LongJump
LongJump is a company.
Financial History
Leadership Team
Key people at LongJump.
LongJump is a company.
Key people at LongJump.
Key people at LongJump.
LongJump is a Chicago-based, founder-led venture capital fund that invests $110K in pre-seed startups as a first-check investor, providing capital, connections, and community to help founders build scalable businesses.[1][2][3] Industry-agnostic and focused on U.S. founders outside major tech hubs like SF, NYC, Boston, LA, Seattle, and Miami—with a strong Midwest bias, especially Chicago—it has made 43 investments in Midwest startups, whose portfolio companies have raised $54.6M following LongJump's backing.[1] Its mission centers on supporting passionate, resourceful founders from zero to one through a standardized deal ($100K on a $5M SAFE cap plus $10K for 3% common equity), dedicated partner support, and a network of over 200 founders, operators, and investors.[1][3][4]
This approach democratizes access to early-stage funding, emphasizing tech-focused or tech-enabled businesses led by strong teams that can leverage the capital for measurable progress.[4]

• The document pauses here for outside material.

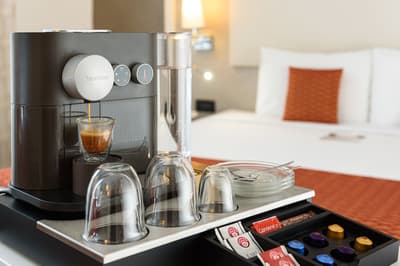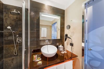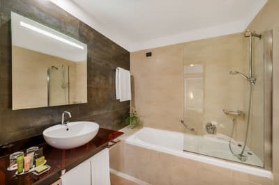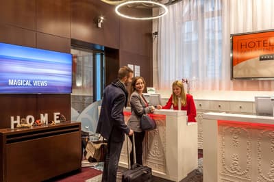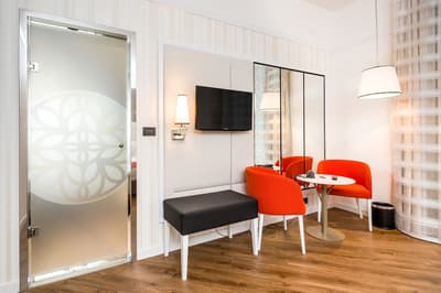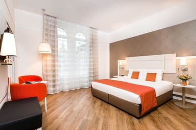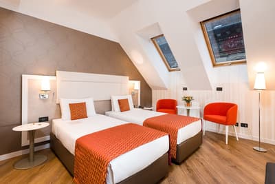 Bon, on vous prévient tout de suite : ce n’est pas le parlement, hein ! Mais honnêtement, c’est tout comme tant l’hôtel s’en rapproche. En termes de proximité déjà, vous serez en plein cœur de Pest, mais également de l’extérieur comme de l’intérieur. La façade historique est superbe, la décoration intérieure encore plus. C’est un arc-en-ciel de couleurs qui vous attend : des fauteuils rouges, oranges, bleus dans le bar-lounge et surtout une abondance de violet qui apporte un côté très chic. Le tout se reflétant dans les grands lustres brillants. Les escaliers mènent partout et nulle part à la fois, les grands espaces vitrés laissent entrer toute la lumière du jour. Pour encore plus d’éclat à travers toutes les pièces, comme s’il y en avait besoin ! Ce boutique hotel est juste à la pointe de la finesse. Si vous ne nous croyez pas encore, visualisez juste le spa avec sauna et jacuzzi qui paraissent juste trop reposants. Le service est quant à lui exceptionnel. Ou alors tout le monde a juste été acheté par toutes les boissons –thé, café et jus- en libre-service à longueur de journée. Ne soyez pas dupe, faites la part des choses !

LongJump was founded by a group of experienced founders and operators who have personally navigated the challenges of building startups, including fighting to survive, assembling teams, acquiring customers, and raising capital.[1][3] Based in Chicago, the fund emerged to address gaps in early-stage investing, particularly for founders outside coastal hotspots, flipping the traditional model to be more open and founder-friendly with no need for warm introductions.[2][3][4]
Its evolution reflects a commitment to the Midwest ecosystem, growing a limited partner network of over 190 founders and operators, plus 70 portfolio founders, while maintaining monthly application reviews and a disciplined, hands-on investment process.[1][3]
LongJump rides the trend of decentralizing tech innovation beyond coastal hubs, capitalizing on the Midwest's rising talent pool, lower costs, and untapped markets to foster "great companies... anywhere, not just on the coasts."[1] This timing aligns with post-pandemic remote work shifts, regional economic development initiatives, and investor fatigue with overheated coastal valuations, making non-hub founders more attractive for scalable, efficient builds.[1][2]
By prioritizing pre-seed tech-enabled ventures, it influences the ecosystem through de-risking early Midwest startups—evidenced by $54.6M follow-on raises—and building a collaborative founder community that strengthens regional networks, challenging the SF-centric model.[1][3]
LongJump is poised to expand its Midwest dominance as remote talent and AI-driven tools further erode geographic barriers, potentially scaling its LP network and check sizes while maintaining founder-centric discipline.[1][4] Trends like AI democratization and vertical SaaS will shape its portfolio, amplifying influence as non-hub unicorns emerge.
Tying back to its core promise, LongJump empowers the next generation of founders to leap from ambitious ideas to high-growth realities, proving location is no longer destiny in VC.